• [RECORDS SHOWN]
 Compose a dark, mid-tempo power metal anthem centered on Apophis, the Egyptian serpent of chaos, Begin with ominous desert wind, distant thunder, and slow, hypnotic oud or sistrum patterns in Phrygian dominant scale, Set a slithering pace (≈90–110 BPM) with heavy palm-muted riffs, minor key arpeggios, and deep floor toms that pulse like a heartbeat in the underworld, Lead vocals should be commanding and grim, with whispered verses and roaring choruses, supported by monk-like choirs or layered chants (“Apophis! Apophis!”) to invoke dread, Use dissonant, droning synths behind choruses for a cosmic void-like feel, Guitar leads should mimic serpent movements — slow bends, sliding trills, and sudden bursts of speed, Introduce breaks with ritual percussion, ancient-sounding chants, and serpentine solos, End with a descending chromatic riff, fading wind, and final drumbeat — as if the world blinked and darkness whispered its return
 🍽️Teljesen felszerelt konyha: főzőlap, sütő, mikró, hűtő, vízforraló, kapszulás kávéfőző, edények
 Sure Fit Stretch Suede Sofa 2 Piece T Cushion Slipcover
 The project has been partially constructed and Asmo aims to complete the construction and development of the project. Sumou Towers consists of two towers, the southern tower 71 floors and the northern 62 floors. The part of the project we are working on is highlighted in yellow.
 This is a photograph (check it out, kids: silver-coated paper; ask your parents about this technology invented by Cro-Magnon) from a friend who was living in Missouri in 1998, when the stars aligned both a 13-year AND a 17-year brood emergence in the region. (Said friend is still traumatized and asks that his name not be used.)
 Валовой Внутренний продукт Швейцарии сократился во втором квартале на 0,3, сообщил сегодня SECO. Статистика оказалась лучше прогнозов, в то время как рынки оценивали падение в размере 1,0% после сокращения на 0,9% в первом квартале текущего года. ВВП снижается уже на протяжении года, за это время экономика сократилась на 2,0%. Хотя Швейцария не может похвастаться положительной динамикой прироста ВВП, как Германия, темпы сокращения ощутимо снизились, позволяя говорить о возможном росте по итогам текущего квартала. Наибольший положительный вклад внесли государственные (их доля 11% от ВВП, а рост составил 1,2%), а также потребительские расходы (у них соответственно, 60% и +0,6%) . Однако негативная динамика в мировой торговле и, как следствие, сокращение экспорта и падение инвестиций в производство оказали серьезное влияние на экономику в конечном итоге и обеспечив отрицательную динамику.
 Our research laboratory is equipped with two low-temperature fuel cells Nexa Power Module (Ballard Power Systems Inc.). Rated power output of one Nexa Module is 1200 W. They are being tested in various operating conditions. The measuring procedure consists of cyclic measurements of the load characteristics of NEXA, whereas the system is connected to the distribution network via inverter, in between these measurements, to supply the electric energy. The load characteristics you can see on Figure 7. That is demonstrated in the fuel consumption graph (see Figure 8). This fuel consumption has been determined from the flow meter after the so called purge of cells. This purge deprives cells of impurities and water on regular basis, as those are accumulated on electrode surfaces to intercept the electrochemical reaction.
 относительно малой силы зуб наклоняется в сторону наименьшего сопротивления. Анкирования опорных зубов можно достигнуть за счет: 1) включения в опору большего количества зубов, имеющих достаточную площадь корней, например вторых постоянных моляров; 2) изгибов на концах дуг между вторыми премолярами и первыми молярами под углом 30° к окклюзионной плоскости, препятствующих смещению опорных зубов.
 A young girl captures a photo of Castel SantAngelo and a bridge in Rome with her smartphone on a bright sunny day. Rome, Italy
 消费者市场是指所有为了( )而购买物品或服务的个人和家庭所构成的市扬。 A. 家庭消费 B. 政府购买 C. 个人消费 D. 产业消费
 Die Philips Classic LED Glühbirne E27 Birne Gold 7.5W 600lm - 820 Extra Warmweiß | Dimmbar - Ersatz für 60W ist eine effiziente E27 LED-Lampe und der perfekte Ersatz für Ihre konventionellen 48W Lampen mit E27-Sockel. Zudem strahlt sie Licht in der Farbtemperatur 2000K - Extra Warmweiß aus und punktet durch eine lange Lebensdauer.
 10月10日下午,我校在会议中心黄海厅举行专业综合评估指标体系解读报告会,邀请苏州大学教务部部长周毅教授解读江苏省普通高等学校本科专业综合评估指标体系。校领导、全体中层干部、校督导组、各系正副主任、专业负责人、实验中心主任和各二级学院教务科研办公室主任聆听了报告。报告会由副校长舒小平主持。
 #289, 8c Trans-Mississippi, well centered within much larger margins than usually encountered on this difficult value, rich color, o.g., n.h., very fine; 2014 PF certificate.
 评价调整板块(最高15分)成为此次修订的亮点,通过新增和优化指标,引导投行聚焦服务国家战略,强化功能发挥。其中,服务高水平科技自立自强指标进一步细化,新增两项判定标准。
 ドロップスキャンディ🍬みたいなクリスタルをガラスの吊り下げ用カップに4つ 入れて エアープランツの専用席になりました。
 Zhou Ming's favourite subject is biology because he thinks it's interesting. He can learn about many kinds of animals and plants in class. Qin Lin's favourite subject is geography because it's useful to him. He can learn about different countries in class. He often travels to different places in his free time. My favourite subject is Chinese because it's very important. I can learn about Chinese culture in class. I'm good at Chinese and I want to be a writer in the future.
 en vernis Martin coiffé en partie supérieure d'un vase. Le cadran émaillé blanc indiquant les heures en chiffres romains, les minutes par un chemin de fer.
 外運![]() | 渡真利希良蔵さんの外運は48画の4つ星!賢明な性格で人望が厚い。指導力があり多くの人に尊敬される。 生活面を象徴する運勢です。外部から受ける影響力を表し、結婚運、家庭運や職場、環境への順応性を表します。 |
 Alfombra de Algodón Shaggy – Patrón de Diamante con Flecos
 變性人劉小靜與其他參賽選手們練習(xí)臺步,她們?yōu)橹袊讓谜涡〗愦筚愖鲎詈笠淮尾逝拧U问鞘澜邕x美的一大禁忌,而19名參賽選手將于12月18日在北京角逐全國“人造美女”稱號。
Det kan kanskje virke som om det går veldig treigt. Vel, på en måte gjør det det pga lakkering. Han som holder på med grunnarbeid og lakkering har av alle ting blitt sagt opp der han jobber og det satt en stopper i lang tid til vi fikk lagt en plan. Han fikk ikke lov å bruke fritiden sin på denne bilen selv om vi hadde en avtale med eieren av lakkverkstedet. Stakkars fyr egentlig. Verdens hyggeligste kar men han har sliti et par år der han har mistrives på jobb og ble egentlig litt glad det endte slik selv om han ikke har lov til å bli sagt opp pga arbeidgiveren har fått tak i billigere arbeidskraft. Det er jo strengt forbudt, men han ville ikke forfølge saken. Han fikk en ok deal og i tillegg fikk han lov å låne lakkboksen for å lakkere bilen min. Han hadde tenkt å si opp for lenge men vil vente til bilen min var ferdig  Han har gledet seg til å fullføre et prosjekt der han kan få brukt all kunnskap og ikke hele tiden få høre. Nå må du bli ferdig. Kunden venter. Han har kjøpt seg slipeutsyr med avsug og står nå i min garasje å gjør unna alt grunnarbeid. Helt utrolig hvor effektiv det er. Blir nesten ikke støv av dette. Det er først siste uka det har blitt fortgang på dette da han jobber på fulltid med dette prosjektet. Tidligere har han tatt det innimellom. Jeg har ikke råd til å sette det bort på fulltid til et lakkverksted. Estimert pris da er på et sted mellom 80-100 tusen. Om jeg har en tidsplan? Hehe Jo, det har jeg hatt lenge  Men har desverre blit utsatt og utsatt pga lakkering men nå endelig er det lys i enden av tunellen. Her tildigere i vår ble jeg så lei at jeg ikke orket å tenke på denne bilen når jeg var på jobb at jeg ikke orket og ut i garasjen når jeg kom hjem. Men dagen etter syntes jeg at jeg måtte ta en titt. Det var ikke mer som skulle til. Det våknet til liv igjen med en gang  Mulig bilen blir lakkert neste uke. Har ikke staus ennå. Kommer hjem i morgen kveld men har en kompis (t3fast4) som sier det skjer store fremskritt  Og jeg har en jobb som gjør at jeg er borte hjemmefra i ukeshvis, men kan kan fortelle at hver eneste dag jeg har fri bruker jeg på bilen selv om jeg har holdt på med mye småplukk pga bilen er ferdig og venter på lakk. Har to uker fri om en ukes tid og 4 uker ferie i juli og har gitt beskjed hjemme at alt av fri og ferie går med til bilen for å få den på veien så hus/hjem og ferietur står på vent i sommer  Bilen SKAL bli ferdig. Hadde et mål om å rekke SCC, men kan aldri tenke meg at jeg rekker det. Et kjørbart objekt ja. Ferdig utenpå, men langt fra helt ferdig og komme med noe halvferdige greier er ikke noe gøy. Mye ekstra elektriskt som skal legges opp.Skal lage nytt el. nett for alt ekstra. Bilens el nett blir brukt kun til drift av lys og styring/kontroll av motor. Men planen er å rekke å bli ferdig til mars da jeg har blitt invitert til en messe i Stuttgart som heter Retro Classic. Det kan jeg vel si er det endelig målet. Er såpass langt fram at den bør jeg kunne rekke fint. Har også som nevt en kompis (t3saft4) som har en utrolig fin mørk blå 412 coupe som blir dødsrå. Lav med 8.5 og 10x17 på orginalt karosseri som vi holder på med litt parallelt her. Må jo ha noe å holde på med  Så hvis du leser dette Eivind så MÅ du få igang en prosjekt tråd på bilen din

• [ACTIVITY] Give again exactly, and only, the lines above starting at the one with "kapszulás kávéfőző, edények" and ending at the one with "Sure Fit Stretch".

• [EXERCISE RESULT]
 🍽️Teljesen felszerelt konyha: főzőlap, sütő, mikró, hűtő, vízforraló, kapszulás kávéfőző, edények
 Sure Fit Stretch Suede Sofa 2 Piece T Cushion Slipcover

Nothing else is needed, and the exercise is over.